**Work request:** Would you please repeat all of the data exactly, omitting the pictures?

**Given data:**
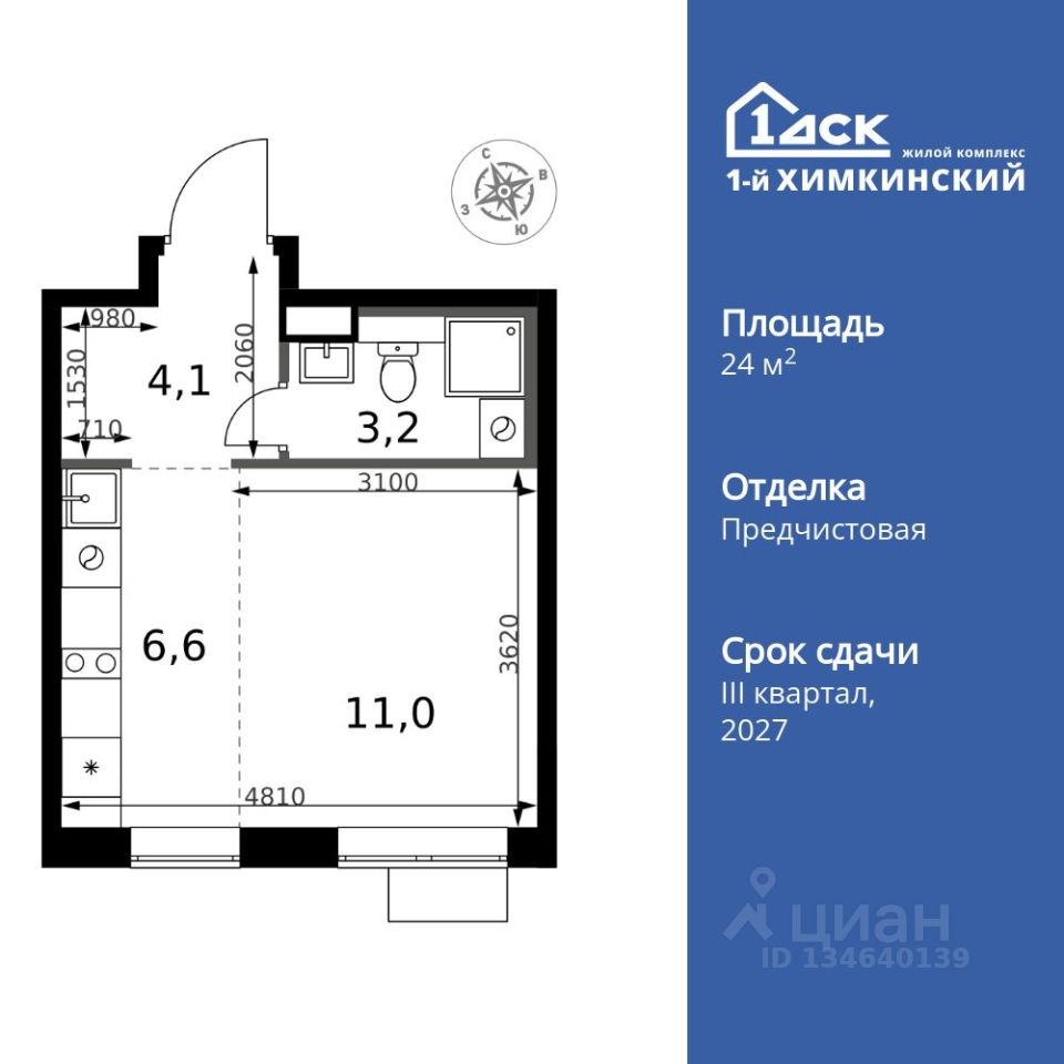 Продаётся квартира-студия номер 588 общей площадью 24.9 кв.м. на 8-м этаже 16 этажного дома. Отделка Whitebox. Цена с учётом скидки!
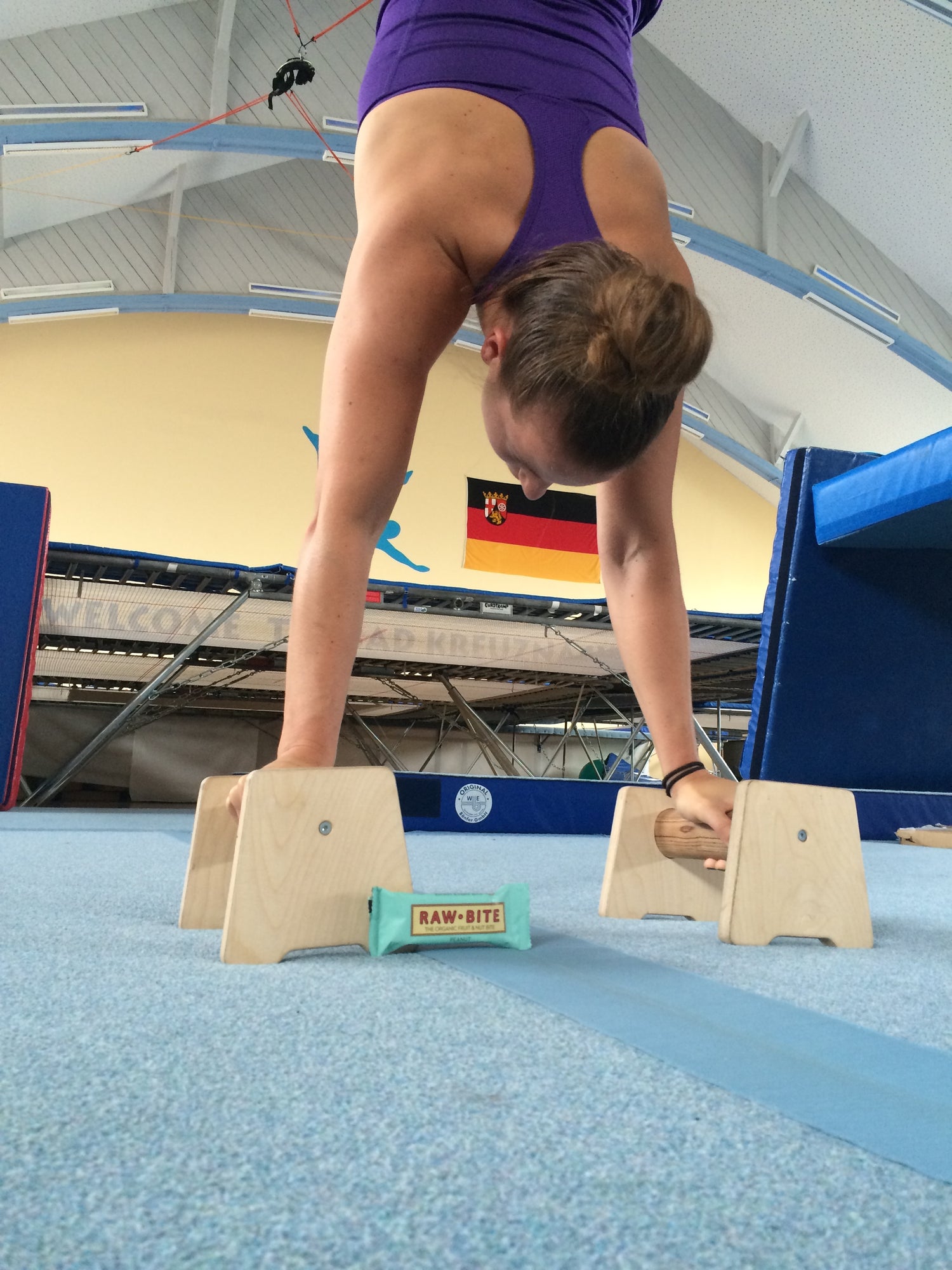 Håndstandstræner med ovale ribbestokke.
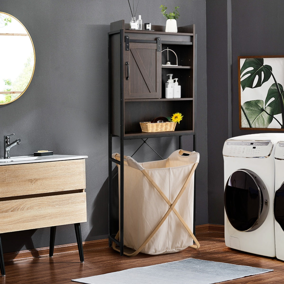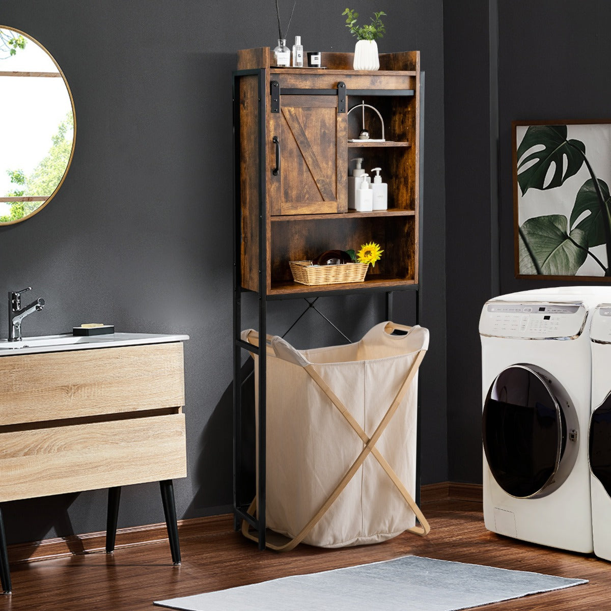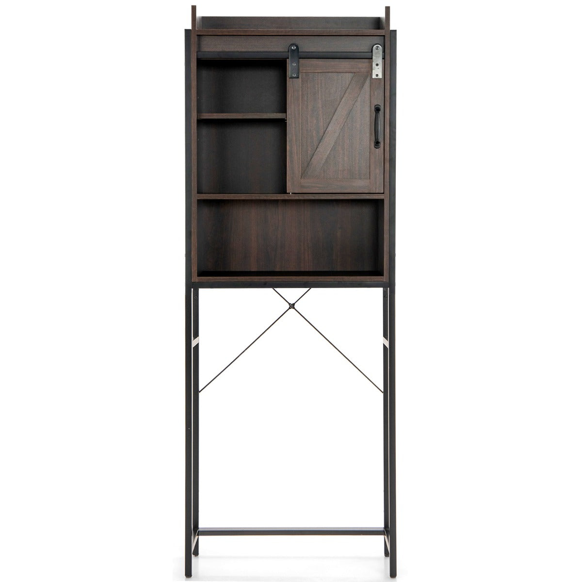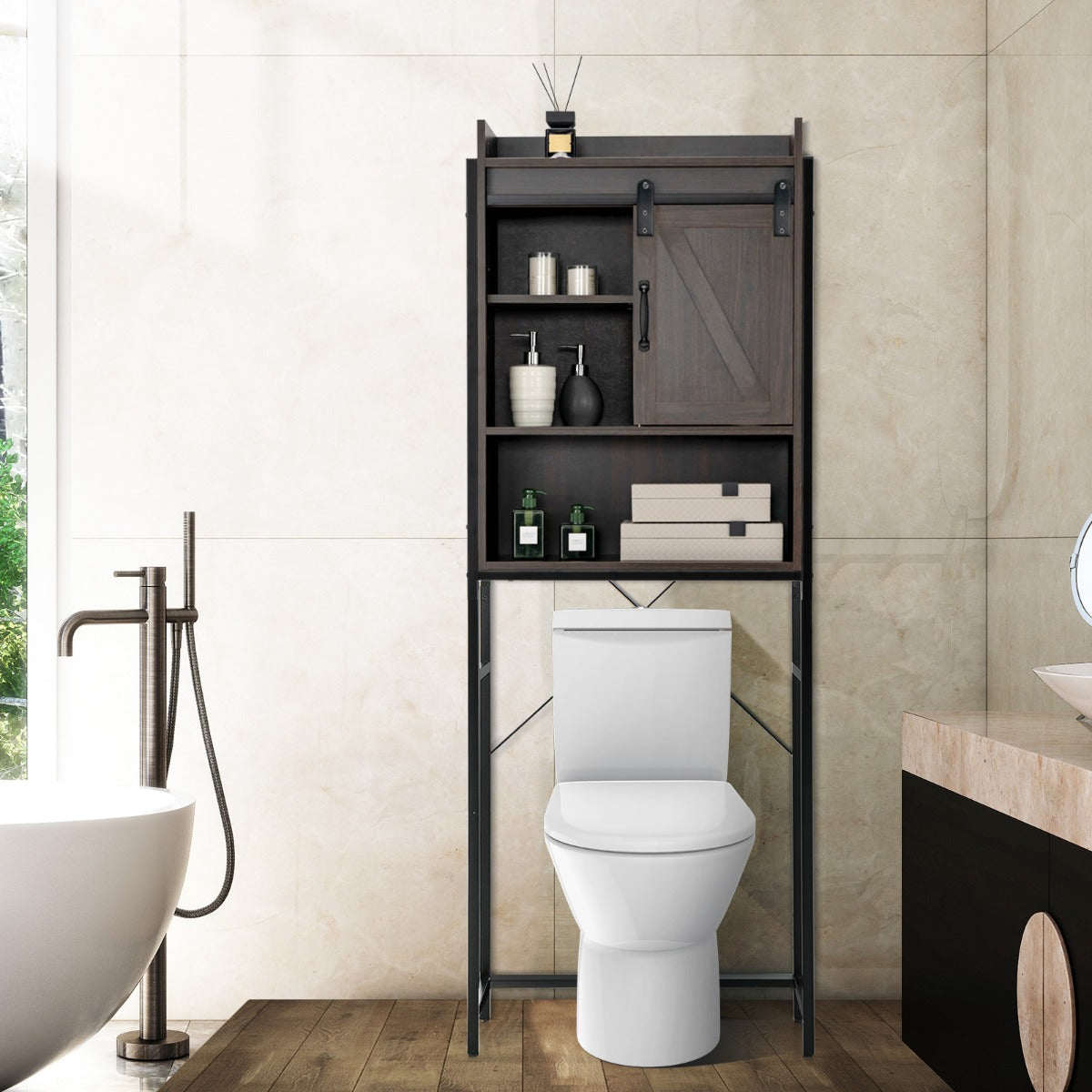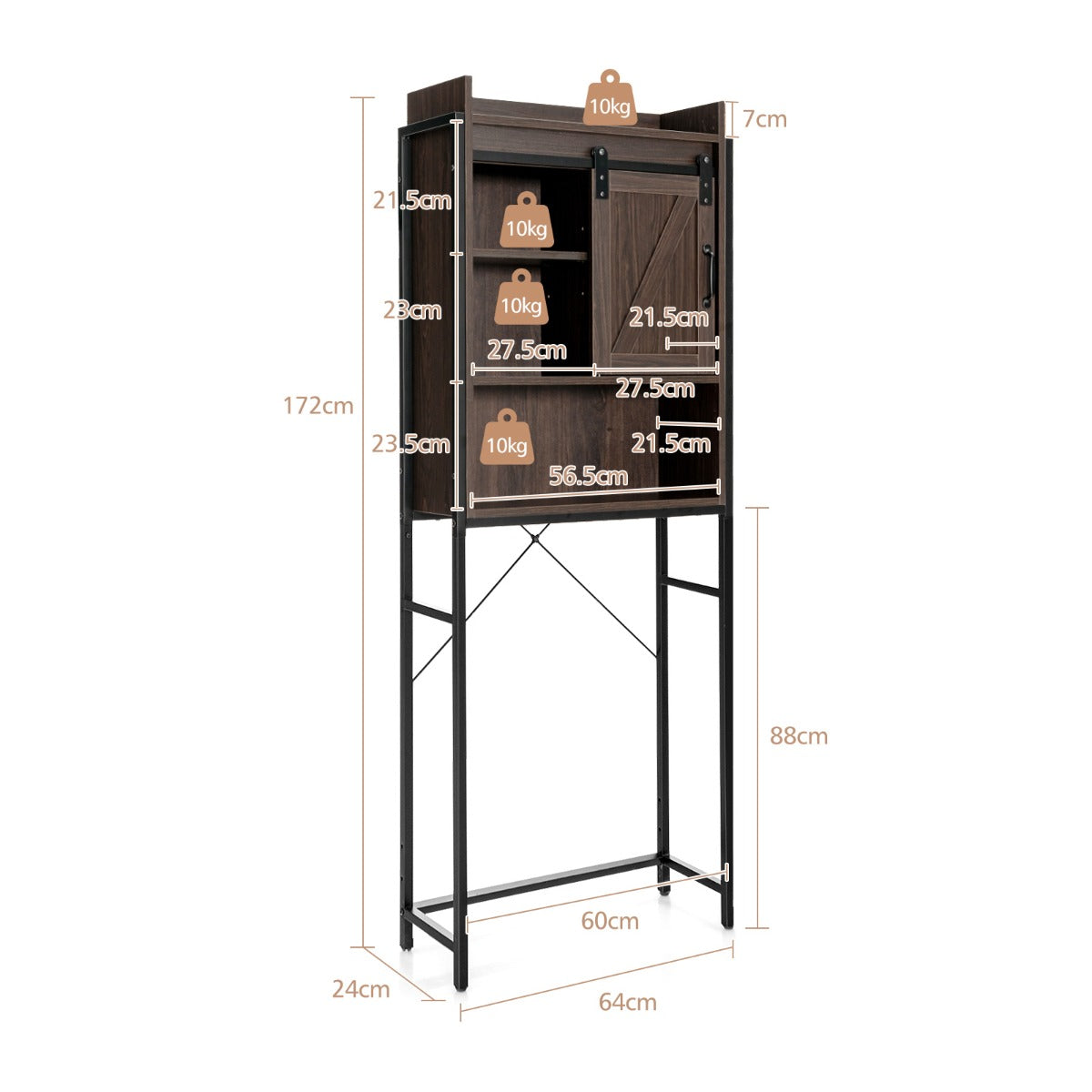 Our freestanding toilet storage cabinet will be a great helper for storage in small places. This bathroom space saver maximizes the wall space without eating up the floor area and offers 4-tier storage shelves for towels, toilet paper and more. And the adjustable shelf allows you to well organize supplies of different heights. The sliding barn door design not only adds more glamour to your space but is also handy to take and put items. The sturdy steel frame and premium engineered wood material offer long-lasting service. Also, the over-the-toilet storage cabinet is equipped with an anti-toppling device for more safety. And the adjustable foot pads keep the cabinet level on uneven floors. The assembly is easy and quick with the instructions.

**Solution to the exercise:**
 Продаётся квартира-студия номер 588 общей площадью 24.9 кв.м. на 8-м этаже 16 этажного дома. Отделка Whitebox. Цена с учётом скидки!
 Håndstandstræner med ovale ribbestokke.
 Our freestanding toilet storage cabinet will be a great helper for storage in small places. This bathroom space saver maximizes the wall space without eating up the floor area and offers 4-tier storage shelves for towels, toilet paper and more. And the adjustable shelf allows you to well organize supplies of different heights. The sliding barn door design not only adds more glamour to your space but is also handy to take and put items. The sturdy steel frame and premium engineered wood material offer long-lasting service. Also, the over-the-toilet storage cabinet is equipped with an anti-toppling device for more safety. And the adjustable foot pads keep the cabinet level on uneven floors. The assembly is easy and quick with the instructions.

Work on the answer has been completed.